Another difference that could be correlated to a mesenchymal to epithelial transition upon DM treatment of A17 cells was the establishment of an apical-basolateral polarity, essential for the typical cell–cell interaction of epithelial cells. In this sense it was interesting to observe the identification of protein scribble homolog, a protein involved in differentiation of epithelial and neuronal cells and responsible for the establishment of apical-basolateral cell polarity. This was peculiarly important because it has been found exclusively in DM-treated samples and could be consistent with a mesenchymal to epithelial transition.

According to GO data, other epithelial-related proteins could be found in the lists obtained in this experiment, in particular two membrane receptors have been found in the unique proteins, namely, ephrin-B1 and ephrin type-A receptor 2.

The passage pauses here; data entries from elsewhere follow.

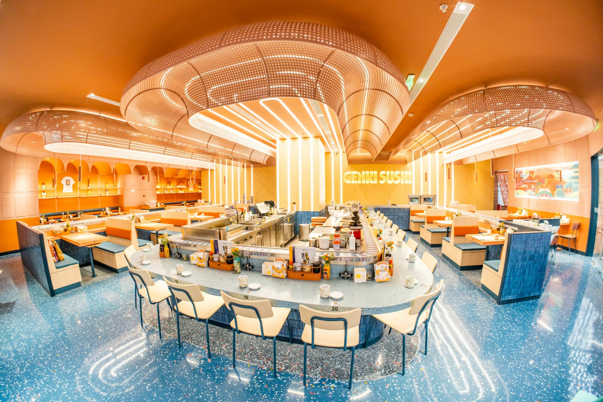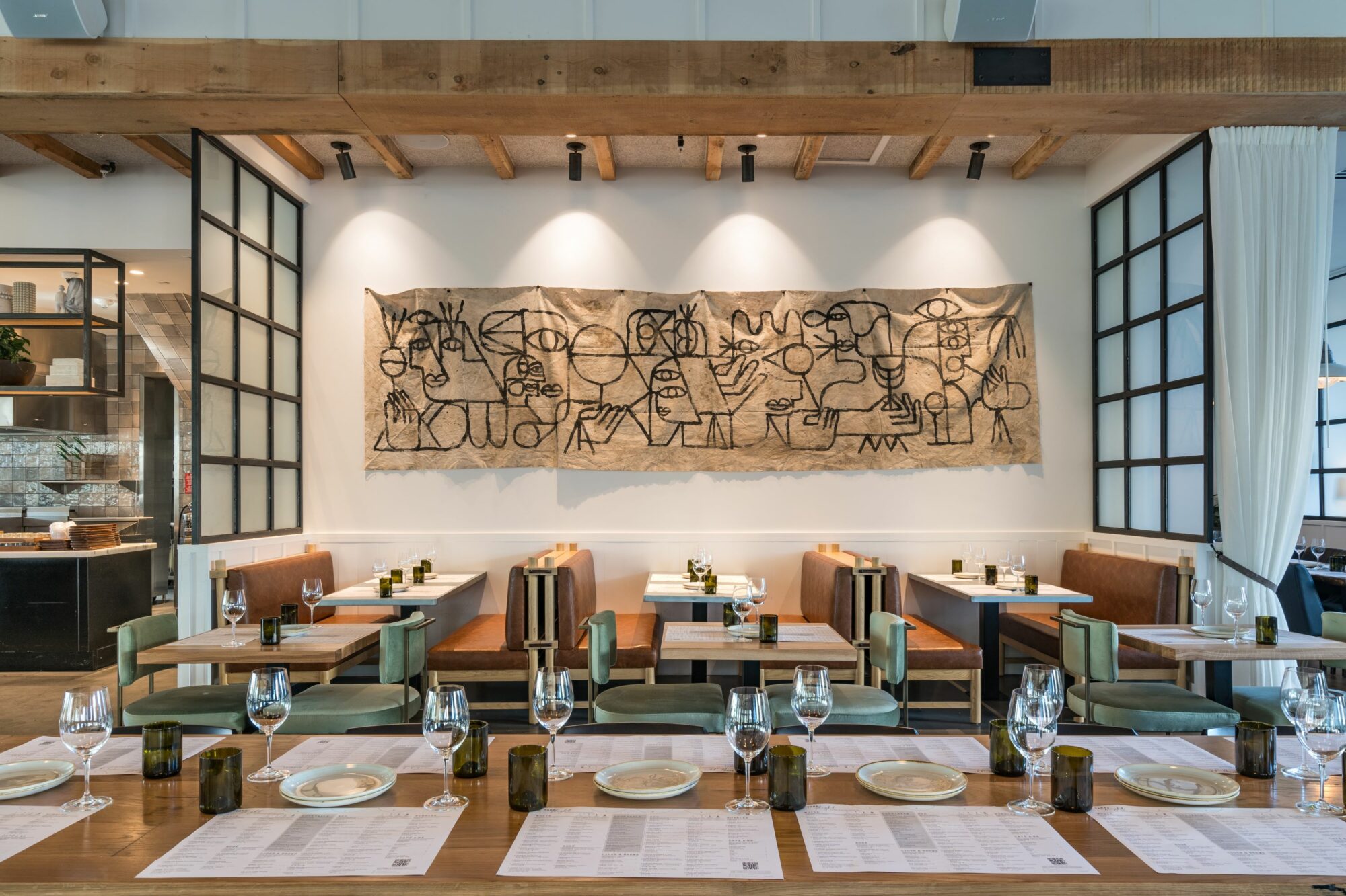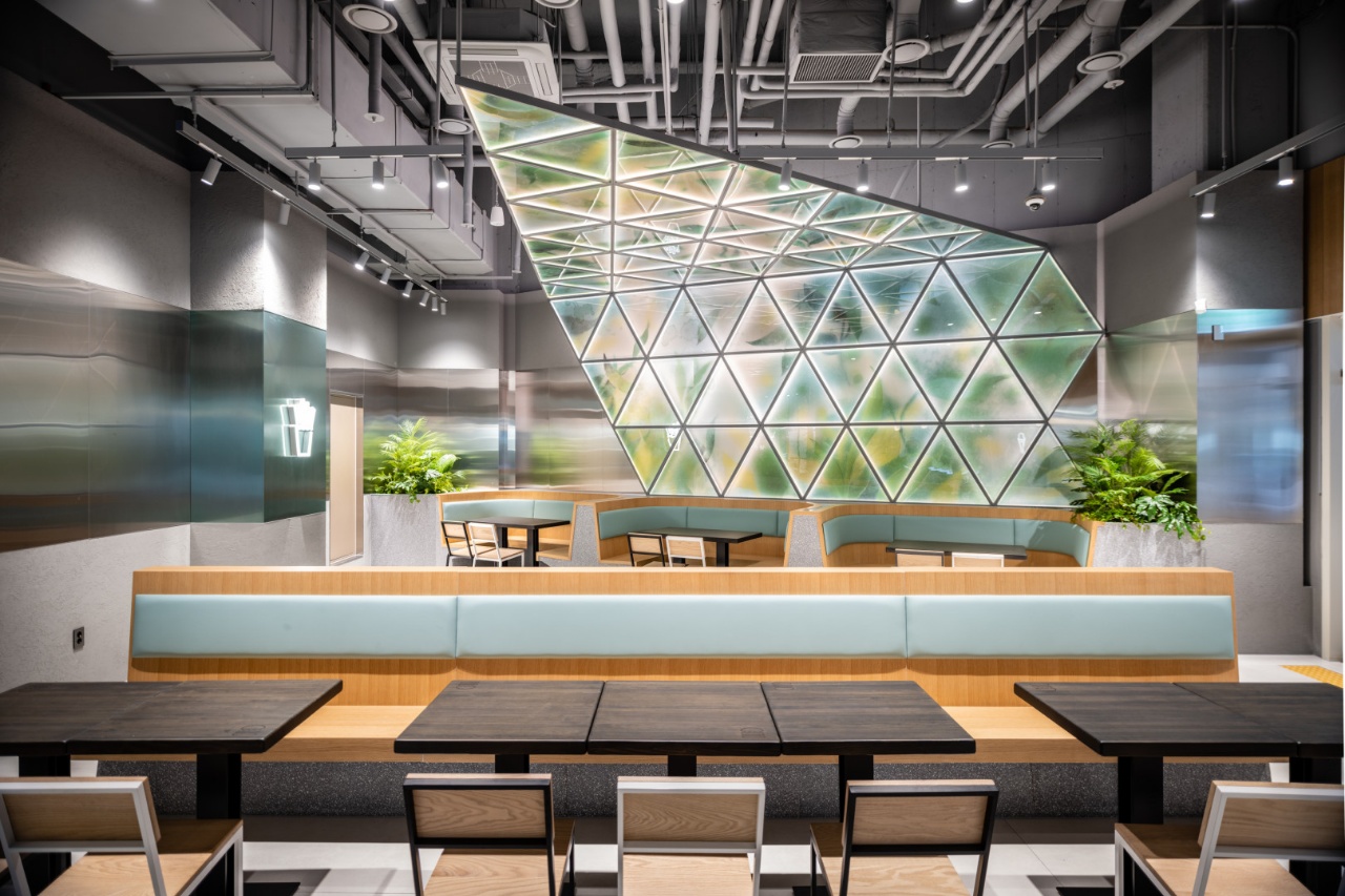 The ground floor common areas offer energetic pops of color, and modularity is the common thread amongst the design inspiration to foster a vibrant community living experience. Flexible lounges, co-working spaces, a cafe, a podcast studio, and more encourage the residents to spend time with one another and form a vibrant resident community.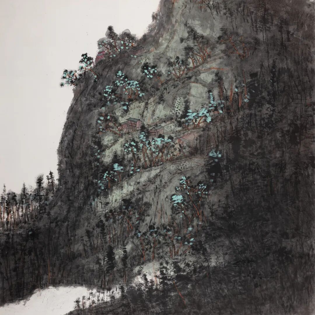 徐喜中在笔墨运用上进行了大胆的创新,将传统水墨与其他艺术形式相结合,将色彩与墨色进行糅合,不仅凸显了画面的机理效果和视觉冲击力,还增添了画面的厚重感和细腻层次感。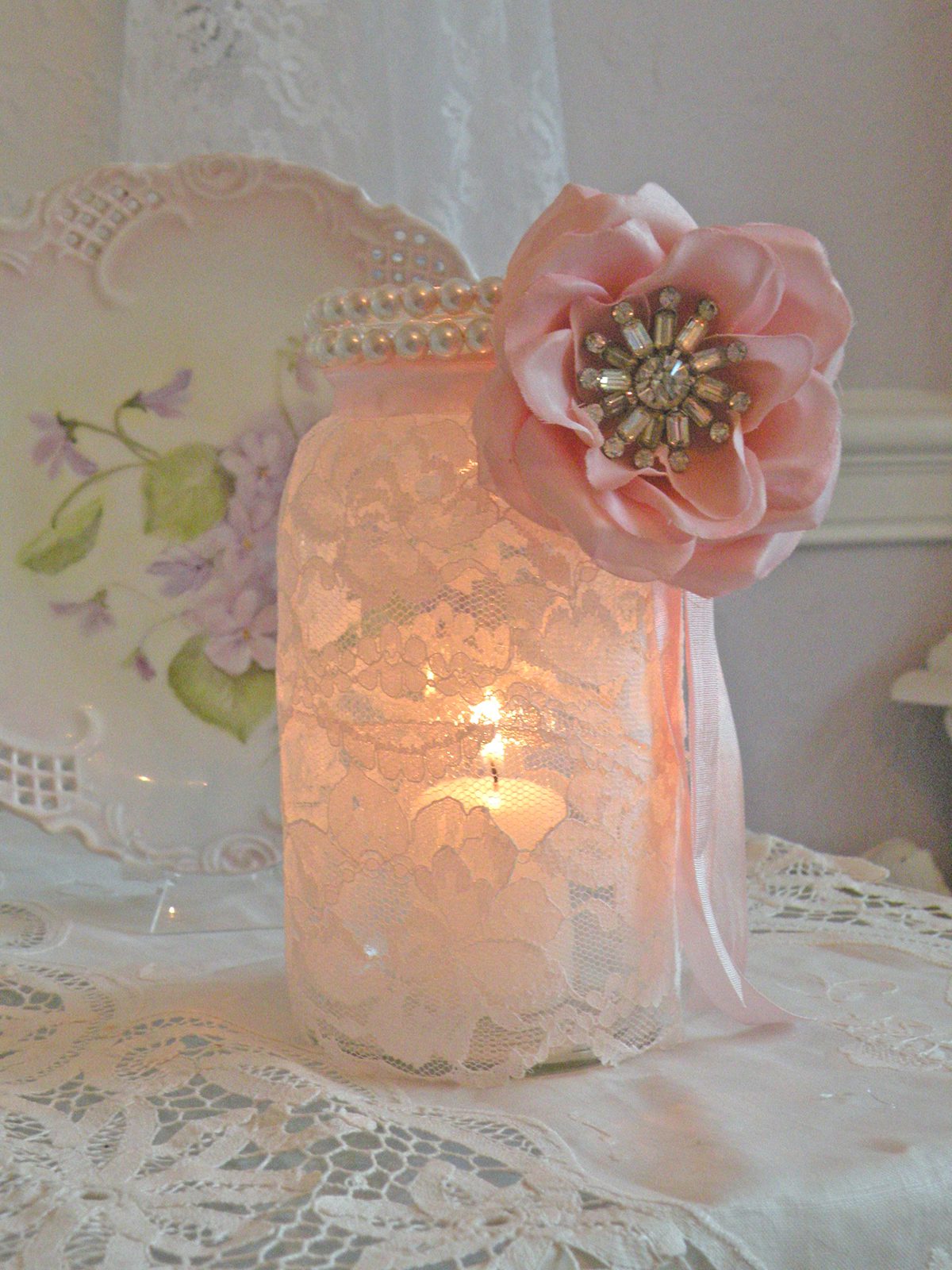 Jenn, your blog is so much fun to visit. I love the lace jars and I have a zillion yards of lace every size and color from my moms with ribbon to match.

Another interesting feature to highlight was that DM-treated cells showed few proteins connected with cell growth, in particular with regulation and programmed cell death, which was in contrast with the mesenchymal feature of stem cell similarity. Among the proteins exclusively found in DM-treated cells possessing this feature, according to GO data, four proteins had a regulative effect upon apoptosis, i.e., bcl-2 homologous antagonist/killer, dolichyl-diphosphooligosaccharide-protein glycosyltransferase subunit DAD1, sphingosine-1-phosphate lyase 1, and aminoacyltRNA synthase complex-interacting multifunctional protein 1.

Conclusions

Shotgun proteomics was used to investigate the BMP signaling pathway inhibition in cancer stem cells using A17 cells, as model A17 proteome profile showed a significant accordance with the expected mesenchymal phenotype from genomic investigations and also with more recent results obtained with different techniques (Garulli et al., 2014). Moreover, the additional GO search also helped in identifying additional biologically significant proteins that relate with mesenchymal features. The effect of DM treatment on these cells has also been evaluated, in particular taking into consideration a mesenchymal to epithelial transition. The analysis of GO data for DM-treated cells led to the conclusion that important changes have begun and a transition from mesenchymal-cell type to epithelial-cell type was at work at the end of a 3-day-long DM treatment. In fact, several mesenchymal markers, particularly adhesion molecules fibronectin, N-cadherin, vimentin, and several related proteins, were found to be absent or significantly depleted in DM-treated cells, suggesting that DM-treated cells acquired a metastable cell phenotype, i.e., they showed hybrid features in which both epithelial and mesenchymal traits were still kept. Consistent with the interpretation that the changes observed arise from epithelial specification from mesenchyme, a number of epithelial markers were observed to increase or to be expressed exclusively in the DM-treated cells, including vinculin, E-cadherin, as well as an apical-basolateral polarity determining protein SCRIB. These results further supported, with an independent investigation technique, the mesenchymal epithelial transition already suggested for this system, also providing additional data from membrane protein expression and related GO data. Taken together, these results shed light on the key role of BMP signaling pathway in the maintenance of the mesenchymal phenotype in breast cancer, which could suggest BMP deprivation as a possible route for suppressing cancer stem cell ability to self renew and cause tumor recurrence, opening new therapy targets to fight cancer.